Ignore zeros and NAs in cumsum

I need to assign numbers to sets of consecutive values in every column and create new columns. Eventually I want to find a sum of values in z column that correspond to the first consecutive numbers in each column.
My data looks something like this:
library(dplyr)
y1 = c(1,2,3,8,9,0)
y2 = c(0,0,0,4,5,6)
z = c(200,250,200,100,90,80)
yabc <- tibble(y1, y2, z)
# A tibble: 6 × 3
y1 y2 z
<dbl> <dbl> <dbl>
1 1 0 200
2 2 0 250
3 3 0 200
4 8 4 100
5 9 5 90
6 0 6 80
I tried the following formula:
yabc %>%
mutate_at(vars(starts_with("y")),
list(mod = ~ cumsum(c(FALSE, diff(.x)!=1))+1))
that gave me the following result:
# A tibble: 6 × 5
y1 y2 z y1_mod y2_mod
<dbl> <dbl> <dbl> <dbl> <dbl>
1 1 0 200 1 1
2 2 0 250 1 2
3 3 0 200 1 3
4 8 4 100 2 4
5 9 5 90 2 4
6 0 6 80 3 4
I am only interested in numbers greater than zero.

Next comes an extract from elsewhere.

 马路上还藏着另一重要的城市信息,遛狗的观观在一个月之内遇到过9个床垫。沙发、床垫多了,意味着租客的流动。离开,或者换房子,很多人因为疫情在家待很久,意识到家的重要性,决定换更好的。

I tried replacing zeros with NA, but it did not work either.
# A tibble: 6 × 5
y1 y2 z y1_mod y2_mod
<dbl> <dbl> <dbl> <dbl> <dbl>
1 1 NA 200 1 1
2 2 NA 250 1 NA
3 3 NA 200 1 NA
4 8 4 100 2 NA
5 9 5 90 2 NA
6 NA 6 80 NA NA
What I would like the data to look like is:
# A tibble: 6 × 5
y1 y2 z y1_mod y2_mod
<dbl> <dbl> <dbl> <dbl> <dbl>
1 1 0 200 1 NA
2 2 0 250 1 NA
3 3 0 200 1 NA
4 8 4 100 2 1
5 9 5 90 2 1
6 0 6 80 NA 1
Is there any way to exclude zeros and start applying the formula only when .x is greater than 0? Or any other way to make the formula work the way I need? Thank you!

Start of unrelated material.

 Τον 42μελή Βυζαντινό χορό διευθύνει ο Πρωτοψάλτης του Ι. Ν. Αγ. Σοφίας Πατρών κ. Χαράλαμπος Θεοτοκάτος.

FYI: mutate_at has been superseded by across, I'll demonstrate the new method in my code.
yabc %>%
mutate(
across(starts_with("y"),
list(mod = ~ if_else(.x > 0,
cumsum(.x > 0 & c(FALSE, diff(.x) != 1)) + 1L,
NA_integer_) )
)
)
# # A tibble: 6 x 5
# y1 y2 z y1_mod y2_mod
# <dbl> <dbl> <dbl> <int> <int>
# 1 1 0 200 1 NA
# 2 2 0 250 1 NA
# 3 3 0 200 1 NA
# 4 8 4 100 2 2
# 5 9 5 90 2 2
# 6 0 6 80 NA 2
If this is sufficient (you don't care if it's 1 or 2 for the first effective group in y2_mod), then you're good. If you want to reduce them all to be 1-based, then
yabc %>%
mutate(
across(starts_with("y"),
list(mod = ~ if_else(.x > 0,
cumsum(.x > 0 & c(FALSE, diff(.x) != 1)),
NA_integer_))),
across(ends_with("_mod"),
~ if_else(is.na(.x), .x, match(.x, na.omit(unique(.x))))
)
)
# # A tibble: 6 x 5
# y1 y2 z y1_mod y2_mod
# <dbl> <dbl> <dbl> <int> <int>
# 1 1 0 200 1 NA
# 2 2 0 250 1 NA
# 3 3 0 200 1 NA
# 4 8 4 100 2 1
# 5 9 5 90 2 1
# 6 0 6 80 NA 1
Notes:
if_else is helpful to handle the NA-including rows specially; it requires the same class, which can be annoying/confusing. Because of this, we need to pass the specific "class" of NA as the false= (third) argument to if_else. For example, cumsum(.)+1 produces a numeric, so the third arg would need to be NA_real_ (since the default NA is actually logical). Another way to deal with it is to either use cumsum(.)+1L (produces an integer) and NA_integer_ or (as I show in my second example) use cumsum(.) by itself (and NA_integer_) since we match things later (and match(.) returns integer)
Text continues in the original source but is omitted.